On the next day all the masked egwugwu of Umuofia assembled in the marketplace. They came from all the quarters of the clan and even from the neighboring villages. The dreaded Otakagu cam from Imo, and Edwensu, dangling a white cock, arrived from Uli. It was a terrible gathering. The eerie voices of countless spirits, the bells that clattered behind some of them, and the clash of machetes as they ran forwards and backwards and saluted one another, sent tremors of fear into every heart. For the first time in living memory the sacred bull-roarer was heard in broad daylight." (p.186-87)

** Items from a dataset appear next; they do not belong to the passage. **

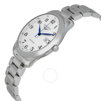 Stainless steel case with a stainless steel bracelet. Fixed domed stainless steel bezel. Silver dial with blue leaf-style hands and Arabic numeral hour markers. Minute markers around the outer rim. Dial Type: Analog. Date display at the 3 o'clock position. Longines calibre L619/888 automatic movement, based upon ETA 2892, containing 21 Jewels, bitting at 25200 vph, and has a power reserve of approximately 64 hours. Scratch resistant sapphire crystal. Pull / push crown. Transparent case back. Round case shape. Case size: 42 mm. Case thickness: 9.64 mm. Band width: 21 mm. Fold over clasp with a push button release. Water resistant at 30 meters / 100 feet. Functions: date, hour, minute, second. Master Collection Series. Luxury watch style. Watch label: Swiss Made. Longines Master Collection Automatic Silver Dial Men's Watch L2.893.4.78.6. GENERAL Box Type: Original Box CASE Case Size: 42 Case Thickness: 9.64 mm Case Material: Stainless Steel Case Shape: Round Case Back: Transparent BAND Band Material: Stainless Steel Band Type: Bracelet Band Color: Silver-tone Band Width: 21 mm Clasp: Fold Over with Push Button Release DIAL Dial Color: Silver Type: Analog Crystal: Scratch Resistant Sapphire Hands: Blue Leaf-style Dial Markers: Arabic Numeral Second Markers: Minute Markers around the outer rim Bezel: Fixed Domed Bezel Color: Silver-tone Bezel Material: Stainless Steel Crown: Pull / Push INFORMATION Brand: Longines Series: Master Collection Collection Name: Master Collection Gender: Mens Model: L2.893.4.78.6 Watch Label: Swiss Made Movement: Automatic Engine: Longines Calibre L619/888 Power Reserve: 48 hours FEATURES Water Resistance: 30 meters / 100 feet Calendar: Date display at the 3 o'clock position Functions: Date, Hour, Minute, Second Watch Features: Analog, Stainless Steel ADDITIONAL INFO Watch Style: Luxury Warranty: 2 Year Jomashop Warranty UPC Code: 7612356186272 Jomashop Sku: LNG28934786 Department: Watches Category: Watches
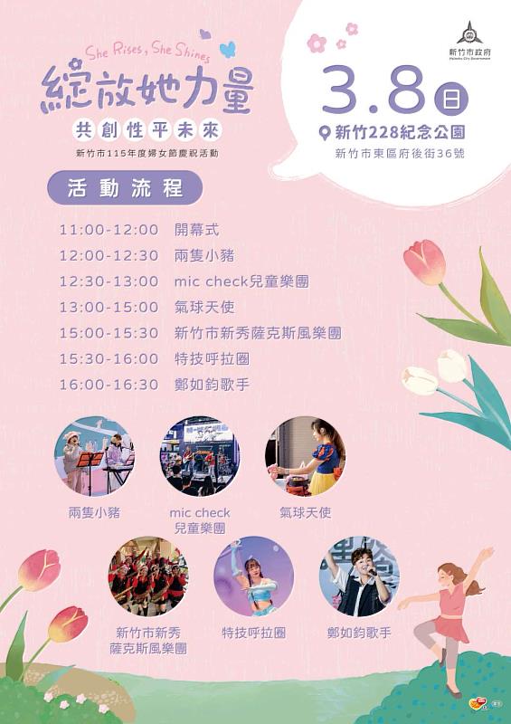 (中央社訊息服務20260225 14:21:19)國際婦女節即將到來,新竹市政府將於3月8日11時至17時在新竹228紀念公園舉辦「綻放她力量-共創性平未來」115年婦女節慶祝活動,將結合姊妹市集、舞台表演、療癒體驗活動及首度推出的「女路」走讀行程,邀請市民朋友攜家帶眷一同參與,共度溫馨愉快的婦女節時光。
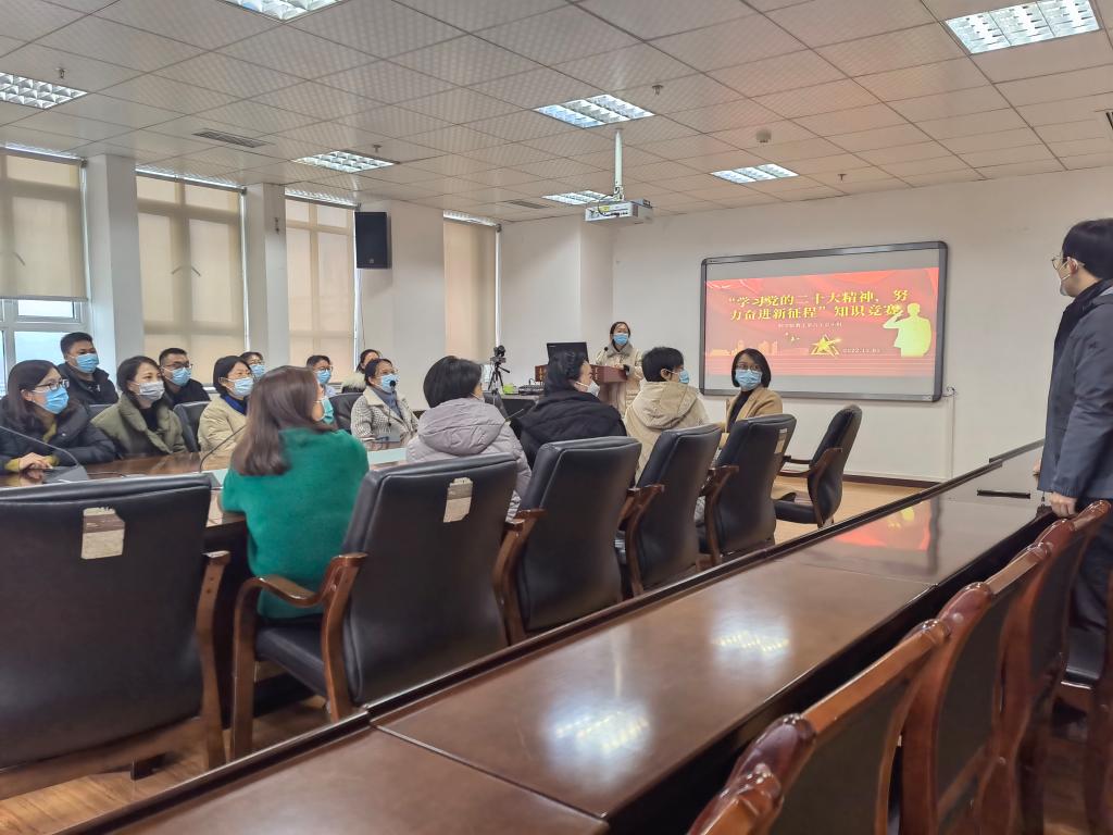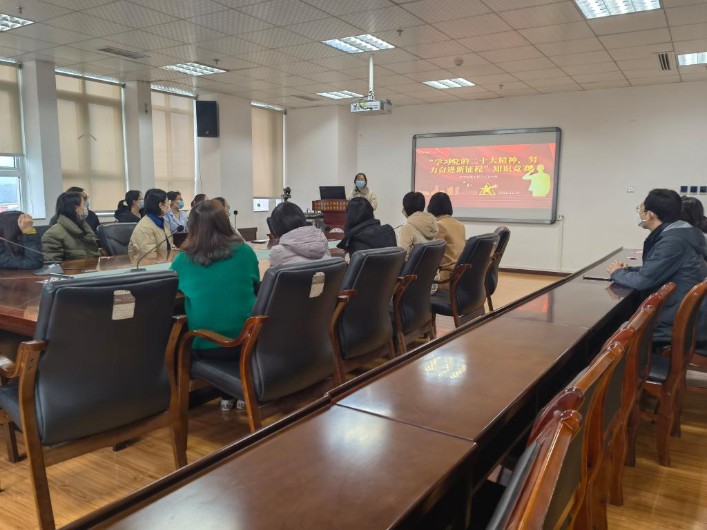 为深入学习宣传贯彻党的二十大精神,必赢教工第六工会小组于12月1日上午,在综合实验楼9楼会议室开展了“学习党的二十大精神,努力奋进新征程”知识竞赛活动。活动由教工第六党支部书记聂晶主持,第六工会无课教工参加了本次活动。
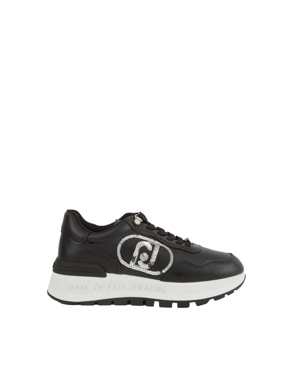 Sneakers da donna Liu-Jo con logo in paillettes, passalacci gioiello e con logo, lacci piatti tono su tono e suola platform bicolor con scritta glitterata MADE TO FEEL AMAZING. Altezza suola: 5 cm

Similarly, Achebe's novel clearly fits Shroder's definition of a novel: Okonkwo is reasonably well-off in his society. His fall is tragic and comes as as result of his own hamartia: his inflexibility and Billy Budd-like reactivity. As Achebe tells us on p.4: "When he walked, his heels hardly touched the ground and he seemed to walk on springs, as if he was going to pounce on somebody. And he did pounce on people quite often. He had a slight stammer and whenever he was angry and could not get his words out quickly enough, he would use his fists. He had no patience with unsuccessful men...." His disillusionment with the overwhelming societal change that affects his life—a life that has gone on relatively the same for ever—is ultimately fatal, but his death is voluntary and consistent with his character.

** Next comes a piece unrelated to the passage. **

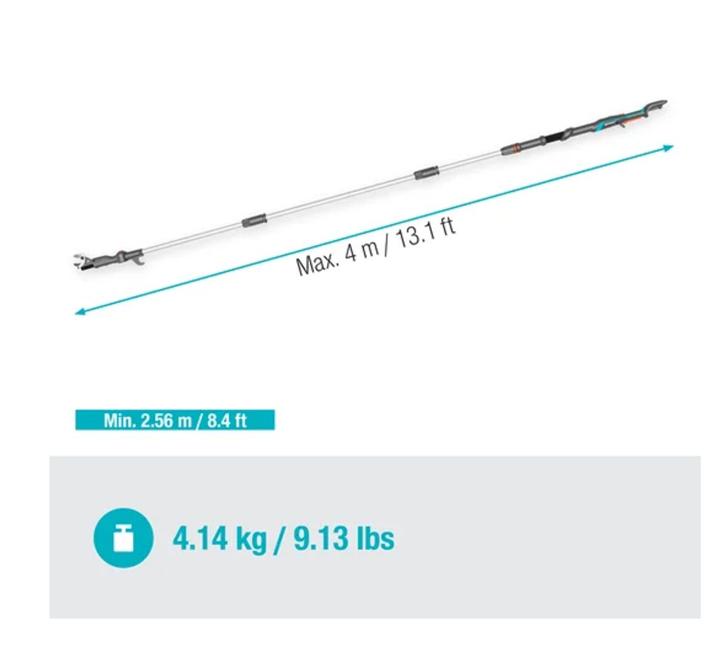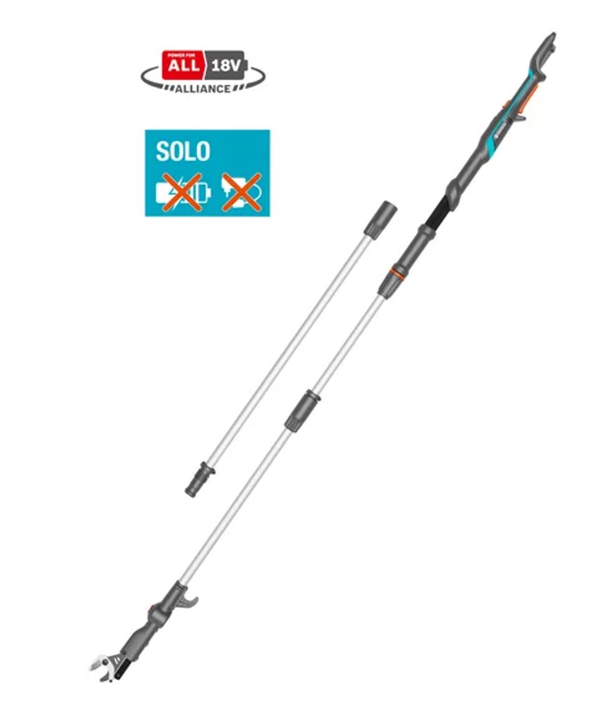 Akumulátorové teleskopické nůžky na větve HighCut 360/18V P4A solo od společnosti GARDENA jsou ideálním řešením pro snadné prořezávání větví ve velkých výškách přímo ze země. Díky teleskopické násadě dosahují délky až 3,6 metru, což umožňuje efektivní práci až ve výšce 5 metrů. Odnímatelná hřídel zajišťuje pohodlnou přepravu i skladování.
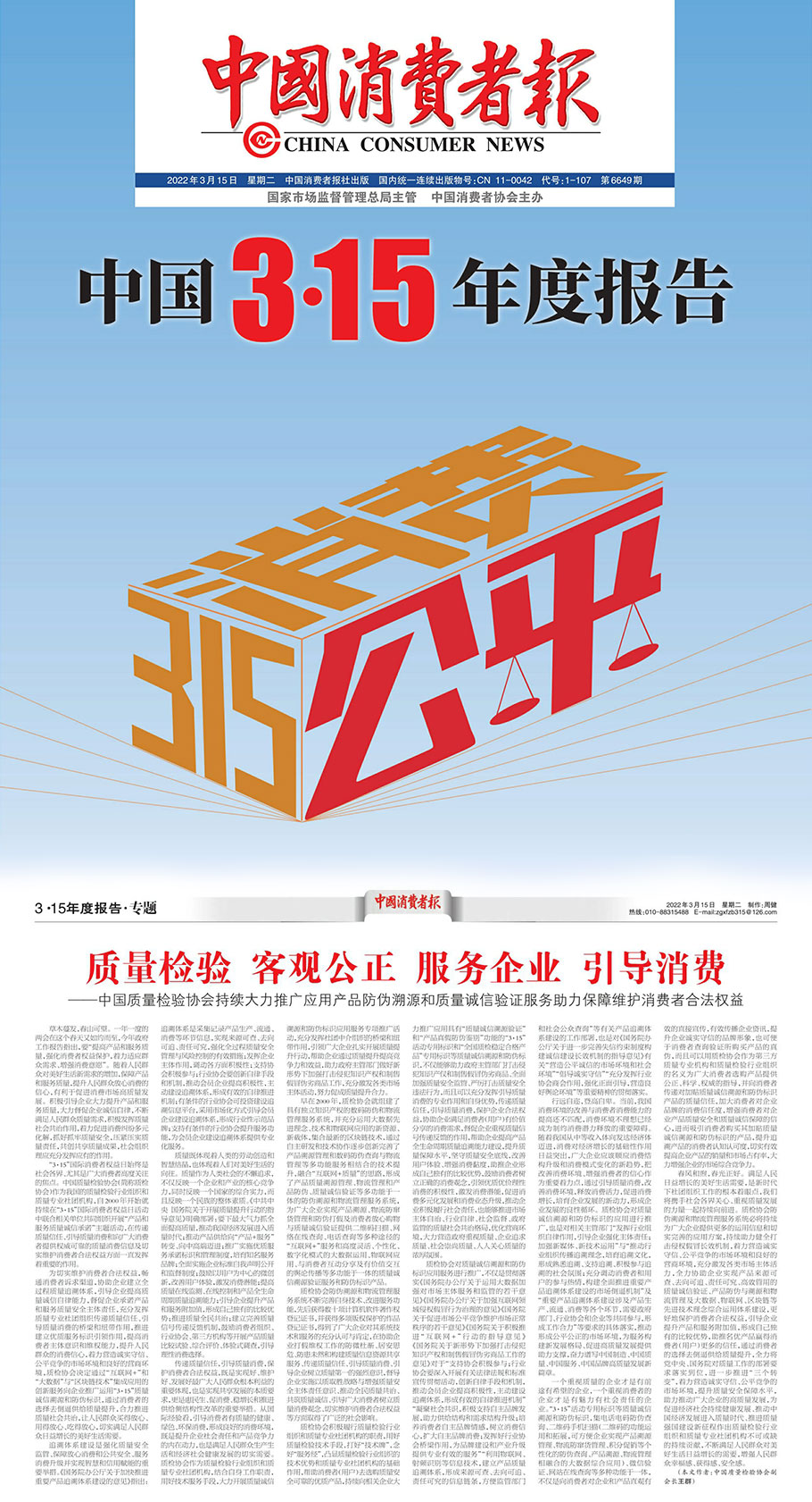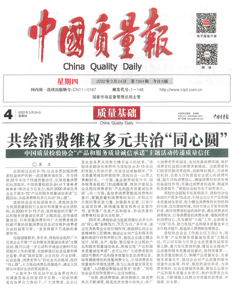 中國質(zhì)量報(3月15日刊第2版):推動質(zhì)量共治 優(yōu)化營商環(huán)境 共筑質(zhì)量誠信——中國質(zhì)量檢驗協(xié)會攜手2000余家企業(yè)組織開展“3 ·15”產(chǎn)品和服務(wù)質(zhì)量誠信承諾主題活動

As for my own notion of Ur-story—to wit, that the novel is a model of consciousness—Okonkwo's coming to consciousness of the new reality effecting his world produces both in him both pain and mortal shame. Yet, there is no contemplation of mortality: it remains as foreign to him as the white man's society and system of (ignorant) justice. He is warrior who has killed many men in battle. This is who he is. He murders his own "adopted" son because it is the way of things. He accidentally kills another boy at funeral celebration. There is no contemplation of death and mortality in him. Death is, for him and his society, part of the natural order of things. The contemplation of mortality is not. And that may, indeed, be the point: just as the colonials bring their religion and their systems of economics and justice to the indigenous worlds under their sway, they also bring the consciousness of sin and mortality.
This is not a Western novel. There is no grasping, as in Bellow's Henderson, for the "authenticity" of the native, which is, of course, the underbelly of imperialism. The political aim of colonialism is to impose its cultural structures on those it conquers/invades. The artistic class of the colonialists, ever-sensitive to the humanity of the situation, intuits the longing for the other in that moment and, like Bellow, tends to romanticize it. Yet, and this may be the tragedy of Western art, it misses the bigger imposition: it is naive, ignorant, innocent, unconscious of the trail of tragedy and horror colonialism leaves in its wake:
"The Commissioner went away, taking three or four ofthe soldiers with him. In the many years in which he had toiled to bring civilization to different parts of Africa he had learned a number of things. One of them was that a District Commissioner must never attend to such undignified details as cutting a hanged man from the tree. Such attention would give the natives a poor opinion of him. In the book which he planned to write he would stress that point. As he walked back to the court he thought about that book. Every day brought him some new material. The story of this man who had killed a messenger and hanged himself would make interesting reading. One could almost write a whole chapter on him. Perhaps not a whole chapter but a reasonable paragraph at any rate. There was so much else to include, and one must be firm in cutting out details. He had already chosen the title of the book, after much thought: The Pacification of the Primitive Tribes of the Lower Niger."